On 2/13/26 12:54 AM, Vlastimil Babka wrote:
> On 2/12/26 22:25, JP Kobryn wrote:
>> On 2/12/26 7:24 AM, Vlastimil Babka wrote:
>>> On 2/12/26 05:51, JP Kobryn wrote:
>>>> It would be useful to see a breakdown of allocations to understand which
>>>> NUMA policies are driving them. For example, when investigating memory
>>>> pressure, having policy-specific counts could show that allocations were
>>>> bound to the affected node (via MPOL_BIND).
>>>>
>>>> Add per-policy page allocation counters as new node stat items. These
>>>> counters can provide correlation between a mempolicy and pressure on a
>>>> given node.
>>>>
>>>> Signed-off-by: JP Kobryn <inwardvessel@gmail.com>
>>>> Suggested-by: Johannes Weiner <hannes@cmpxchg.org>
>>>
>>> Are the numa_{hit,miss,etc.} counters insufficient? Could they be extended
>>> in a way that would capture any missing important details?
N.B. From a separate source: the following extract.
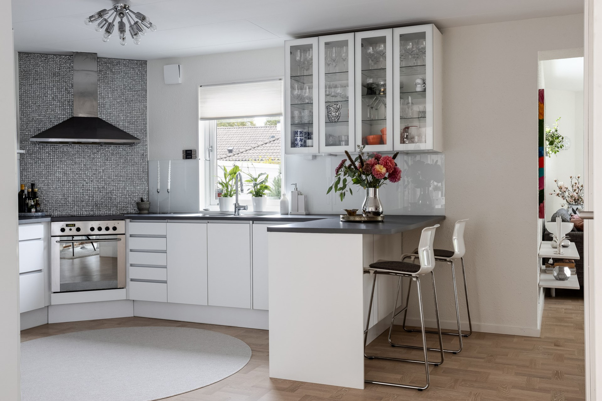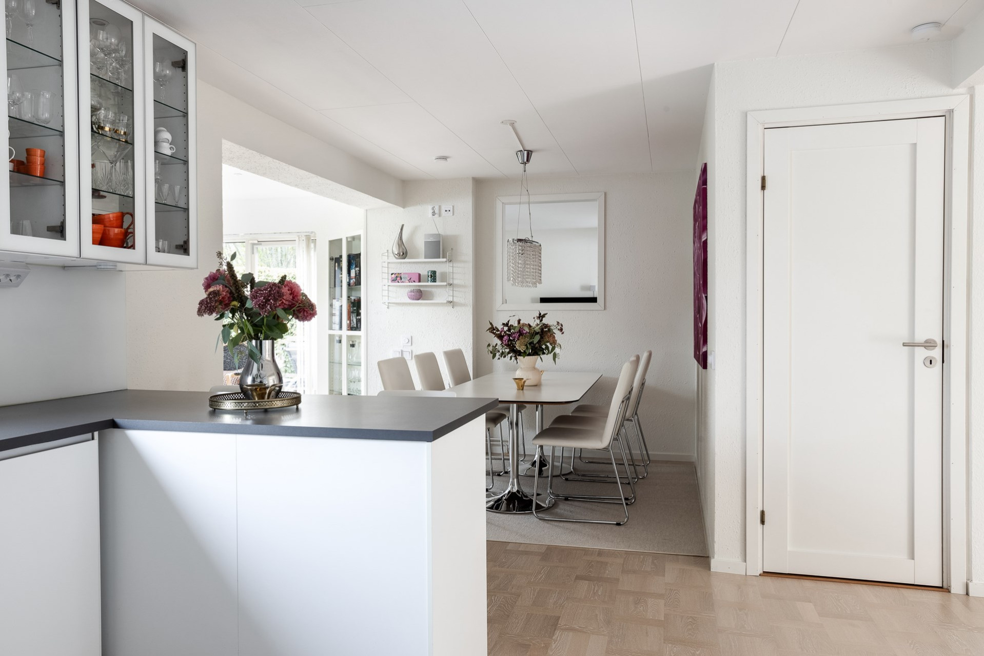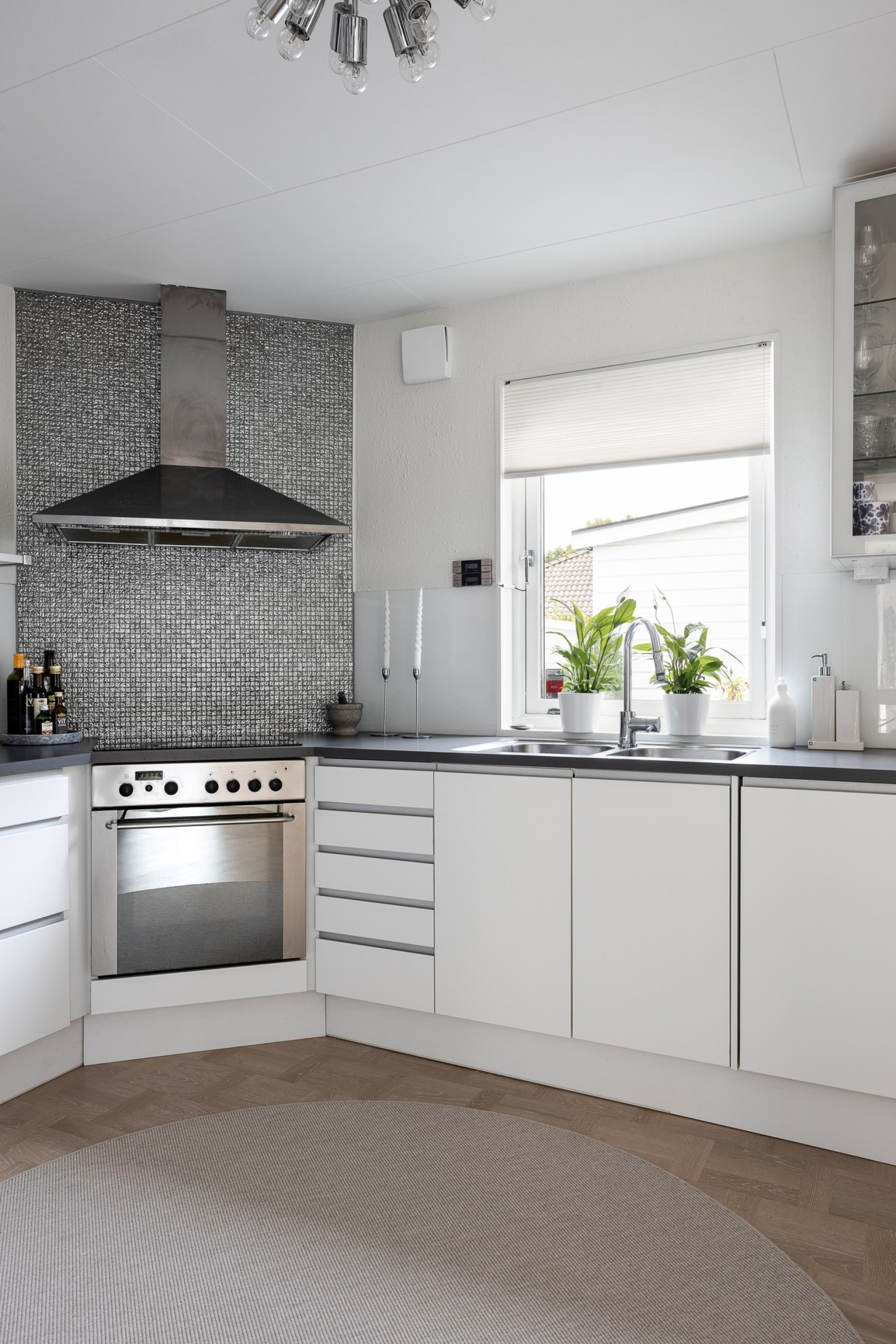 Riktigt stort och härligt kök med rejäl arbetsbänk, bardel samt gott om förvaring. Vit skåpsluckor, grå laminatbänkskiva samt glasskiva som stänkskydd. Komplett maskinpark med hel kyl och frys, diskmaskin, ugn, häll, fläkt och micro. Härlig kontakt med matplatsen som rymmer bord för 8-10 personer. I kök, matplats, lounge och vardagsrum ligger ett snyggt ljusbetsat golv, "holländsk parkett" från Kährs.

A counter per
>>> policy type seems exhaustive, but then on one hand it might be not important
>>> to distinguish beetween some of them, and on the other hand it doesn't track
>>> the nodemask anyway.
>>
>> The two patches of the series should complement each other. When
>> investigating memory pressure, we could identify the affected nodes
>> (patch 2). Then we can cross-reference the policy-specific stats to find
>> any correlation (this patch).
>>
>> I think extending numa_* counters would call for more permutations to
>> account for the numa stat per policy. I think distinguishing between
>> MPOL_DEFAULT and MPOL_BIND is meaningful, for example. Am I
> 
> Are there other useful examples or would it be enough to add e.g. a
> numa_bind counter to the numa_hit/miss/etc?

Aside from bind, it's worth emphasizing that with default policy
tracking we could see if the local node is the source of pressure. In
the interleave case, we would be able to see if the loads are being
balanced or, in the weighted case, being distributed properly.

On extending the numa stats instead, I looked into this some more. I'm
not sure if they're a good fit. They seem more about whether the
allocator succeeded at placement rather than which policy drove the
allocation. Thoughts?

> What I'm trying to say the level of detail you are trying to add to the
> always-on counters seems like more suitable for tracepoints. The counters
> should be limited to what's known to be useful and not "everything we are
> able to track and possibly could need one day".
In a triage scenario, having the stats collected up to the time of the
reported issue would be better. We make use of the tool called below[0].
It periodically samples the system and allows us to view the
historical state prior to the issue. If we started at the time of the
incident and attached tracepoints it would be too late.

The triage workflow would look like this:
1) Pressure/OOMs reported while system-wide memory is free.
2) Check per-node pgscan/pgsteal stats (provided by patch 2) to narrow
down node(s) under pressure.
3) Check per-policy allocation counters (this patch) on that node to
find what policy was driving it.

[0] https://github.com/facebookincubator/below